Fun times ! Sylvia hébergeait même des écrivains en galère à qui elle ne donnait pas les clefs (pas folle la guêpe).

L’un des points forts de son témoignage est bien sûr tout le récit de l’édition d’Ulysse, le monstre tentaculaire de Joyce, que les Américains, Anglais, Irlandais refusaient d’éditer (ou tentèrent d’éditer au péril de leur commerce) et que Sylvia Beach se proposa de fabriquer. Cette entreprise faillit avoir raison de la librairie, par le temps, l’argent, l’énergie que la librairie dût investir dans la prise en charge du manuscrit colossal et illisible de son auteur quasiment aveugle, dans la dactylographie, dans la fabrication (avec des imprimeurs qui faillirent mettre la clef sous la porte en son nom), puis la vente et la livraison impossible à l’étranger… Tous les maillons de la chaîne de production (hey you, old pal !) risquèrent la prison et y laissèrent des plumes. D’autant que même lorsque cette histoire d’édition fut enfin mise derrière elle, la librairie dût se transformer en bureau de secrétariat de Mr James Joyce lui-même. Elle est franchement bonne patte cette Sylvia.
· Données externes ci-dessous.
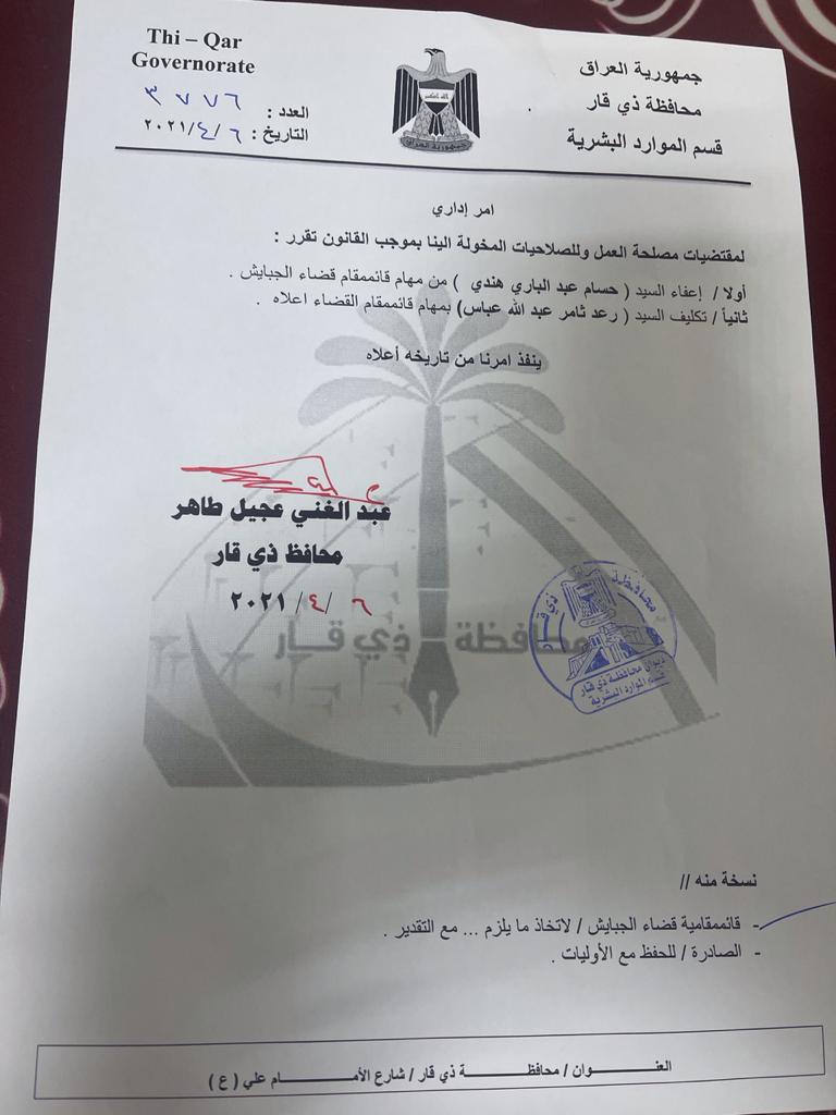محلياتبالوثيقة .. اعفاء قائمقام قضاء الجبايش في ذي قار من منصبه قبل 5 سنوات 38 مشاهدات شارك قد يهمك أيضا سياسة مجلس النواب ينفي تأجيل جلسة انتخاب رئيس الجمهورية قبل ساعتين 8 مشاهدات الحكم الرابع يونس محمود يكشف اسباب الخلاف مع درجال ويؤكد الاستمرار بصراع الرئاسة.. التفاصيل في الحكم الرابع قبل 3 ساعات 12 مشاهدات سياسة الاطار التنسيقي يشدد على ضرورة احترام التوقيتات الدستوريةً وحسم الاستحقاقات الوطنية قبل 3 ساعات 8 مشاهدات سياسة الإطار التنسيقي يدعو لاتفاق يسهل عملية انتخاب رئيس الجمهورية ضمن الموعد المحدد دستورياً قبل 3 ساعات 12 مشاهدات سياسة المبعوث الامريكي الى سوريا: لن تنجح حكومة في العراق تُنصّبها إيران قبل 3 ساعات 25 مشاهدات

Dans le même genre, mais d’une inventivité plus affirmée, j’avais pu lire il y a quelques années l’Autobiographie d’Alice B. Toklas, qui est un livre formidable dans sa forme pour ce qu’il dit, pour ce qu’il ne dit pas et pour ce qu’il sait pertinemment qu’il révèle malgré lui. Un billet un peu poussiéreux doit être dénichable quelque part dans les bas-fonds ancestraux de ce site.
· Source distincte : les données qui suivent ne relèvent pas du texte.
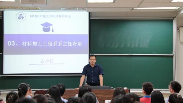 为了让卓越班同学明确自身发展方向,了解学院发展概况,理解“卓越计划”,9月15日下午,午夜av “名师有约”第十五期暨2019级卓越班开班典礼在10107教室顺利举行。与会人员包括院长张校刚,材料加工工程系系主任占小红,材料科学系系主任杨亮,0619106班班主任林开杰, 2019级辅导员张进鹏,2017级卓越班班长霍海鑫,0619106班朋辈导师李雨欣,以及0619106班全体同学。

C’est avec moult éclats de ravissement que j’ai accueilli ce compte-rendu, parallèle à celui du salon tenu par cette forte tête de Stein : l’autre Amérique parisienne, celle plus observatrice et moins jaugeante de Sylvia Beach, avec toutes les récupérations face aux manques de la rue de Fleurus (Joyce et Hemingway, en premières lignes). Une lecture qui peut être poursuivie avec l’avers de la médaille américaine, en lisant le récit qu’Adrienne Monnier fait dans Rue de l’Odéon (une suite d’interventions, compte-rendus et petits articles publiés au cours des années actives de sa librairie), où l’on retrouvera les fidèles Valéry Larbaud, Paul Fargues, André Gide et autres jazzeurs et non-jazzeurs tels Ernest Hemingway.